Ala served as President of the AUA from November 2012 to November 2018, following the organization's elections, and had previously held the role in an earlier term. In this capacity, he organized conferences, published articles, and supported Uyghur individuals internationally. In November 2016, he was re-elected as President of the AUA. In July 2018, Ala chaired the opening session of the "Uyghur Intellectuals Forum" at George Washington University in Washington, D.C., where Uyghur intellectuals from various countries discussed strategies to address the situation in East Turkistan.

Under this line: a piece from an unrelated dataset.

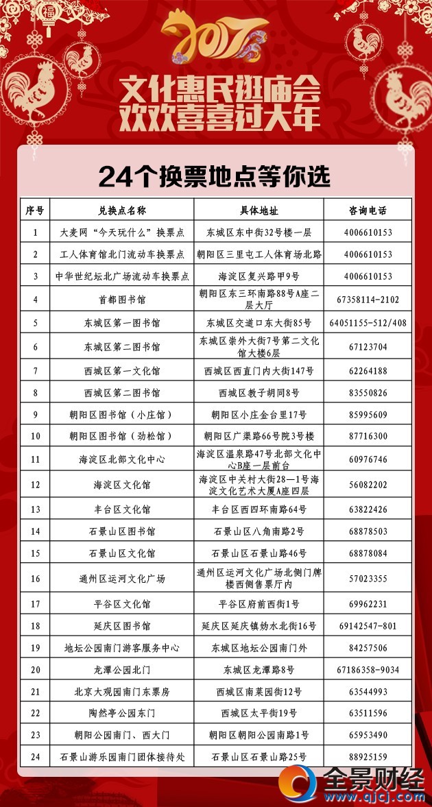 温馨提示:地坛公园、龙潭公园、大观园、陶然亭公园(厂甸庙会)、朝阳公园、石景山游乐园换票点只兑换本公园庙会门票,不提供其他公园门票。上述6个公园之外的换票点,可提供十大庙会和活动的纸质门票。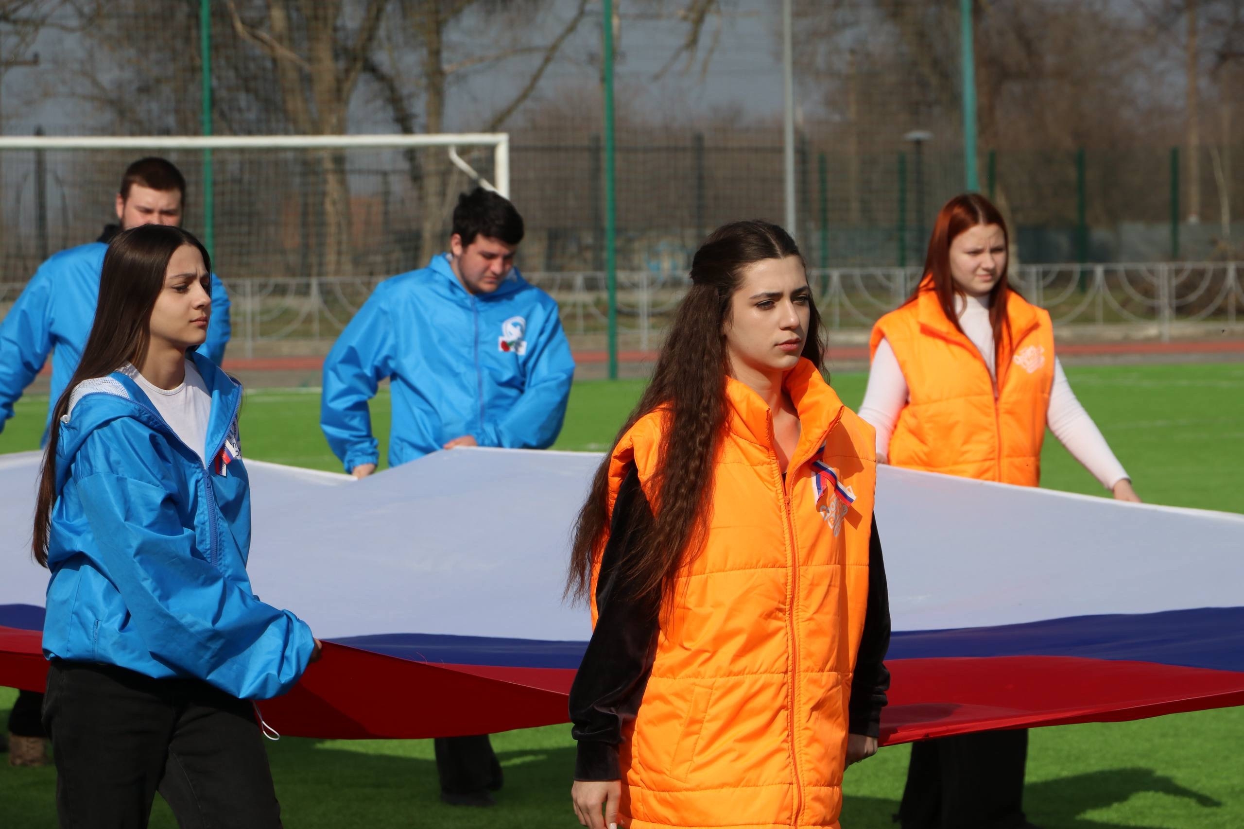 Тбилисском районе развернули 12-метровый триколор.

In September 2018, as President of the AUA, Ala urged the Australian government to consider sanctions against China over the treatment of Uyghurs in Xinjiang, where the UN estimated up to 1 million were held in detention centers. He described the communication blackout and psychological pressure on the Uyghur diaspora.

==East Turkistan Government in Exile==
Since early 2021, Ala has served as the strategic advisor to the president of the East Turkistan Government in Exile. In April 2021, Ala protested outside the Chinese ambassador’s residence in Canberra during an event hosted by Ambassador Cheng Jingye, describing it as an attempt "to defend what is indefensible" in the context of growing international criticism of the Uyghur genocide.

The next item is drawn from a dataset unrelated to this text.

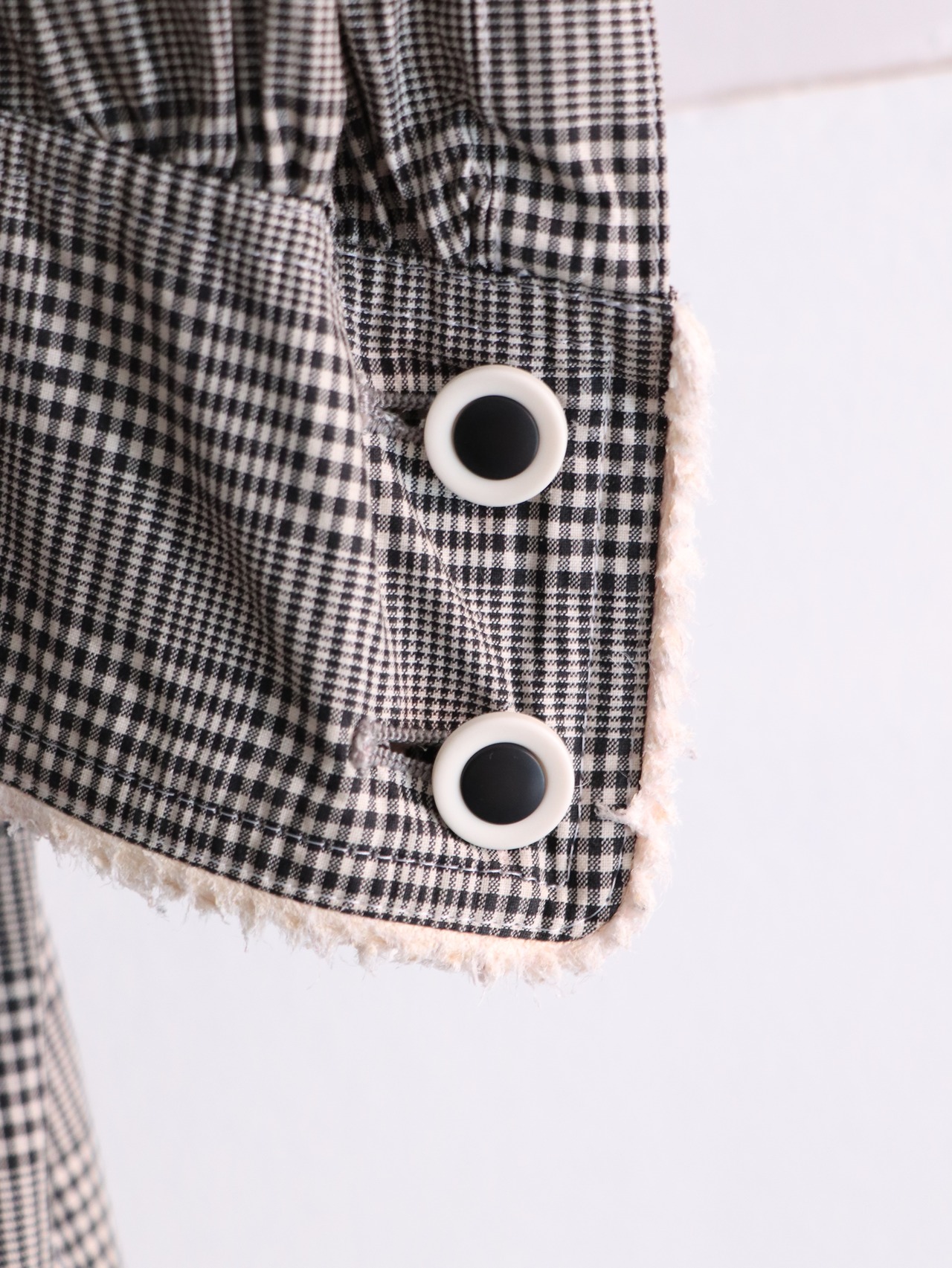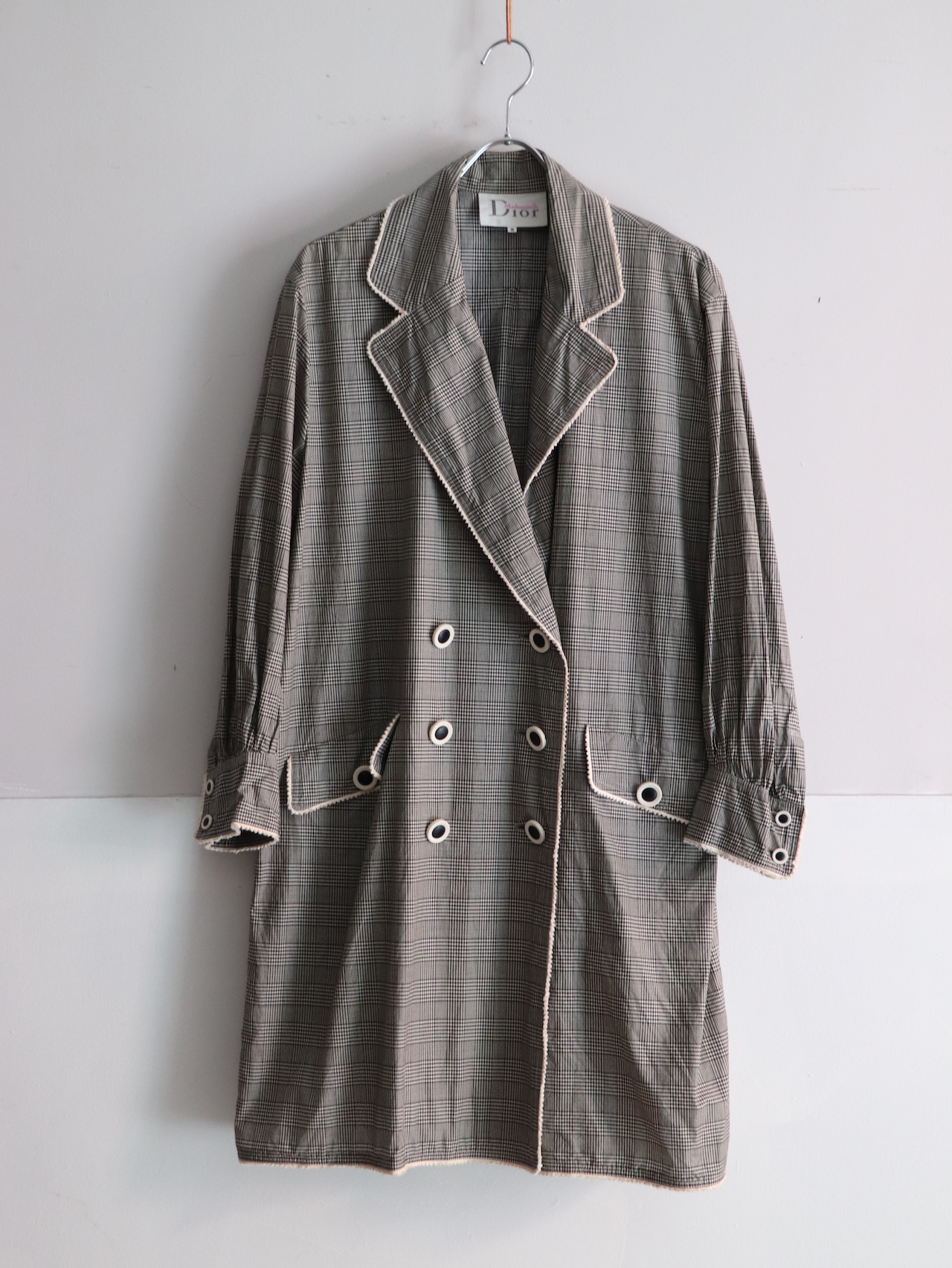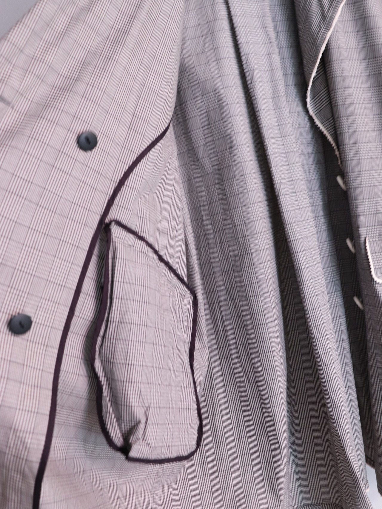 千鳥格子の様なギンガムチェックのロングジャケット。

In August 2021, Ala co-authored an article in Foreign Policy magazine, arguing that Chinese colonization and occupation of East Turkistan was the root of the ongoing genocide and restoring East Turkistan's independence was the only way forward for Uyghurs.

In September 2022, Ala co-authored an opinion piece criticizing the UN's 2022 report on China's atrocities in East Turkistan for downplaying the genocide and failing to hold China accountable.

In September 2023, as strategic adviser for the ETGE, Ala urged the 78th UN General Assembly to prioritize the East Turkistan issue and take decisive action to halt China's genocide, criticizing the international community's inaction as a moral failure.

On November 11, 2023, Ala was elected as the president of the East Turkistan Government-in-Exile at its 9th General Assembly. The ETGE, a government-in-exile, represents Uyghur and other Turkic peoples' interests, coordinating with international bodies to challenge Chinese policies.

==Publications==
Ala is the author of Worse than Death: Reflections on the Uyghur Genocide (Hamilton Books, 2021; Uyghur edition 2020). The book reflects on the cultural and physical genocide against Uyghurs through personal and philosophical lenses. The Uyghur edition, titled "Uyghur Qetli'ami - Pisixologiyelik Nezer", was published in 2020 by Teklimakan Uyghur Neshiriyati in Istanbul.

His articles include:

- "Between Utopia and Dystopia: Uyghur Intellectuals (1949-2000)" in the Central Asia Program's Uyghur Initiative Papers (October 2014).
- "Turn in the Two-Faced: The Plight of Uyghur Intellectuals" in The Diplomat (October 2018).
- "Independence Is the Only Way Forward for East Turkestan" in Foreign Policy (August 2021).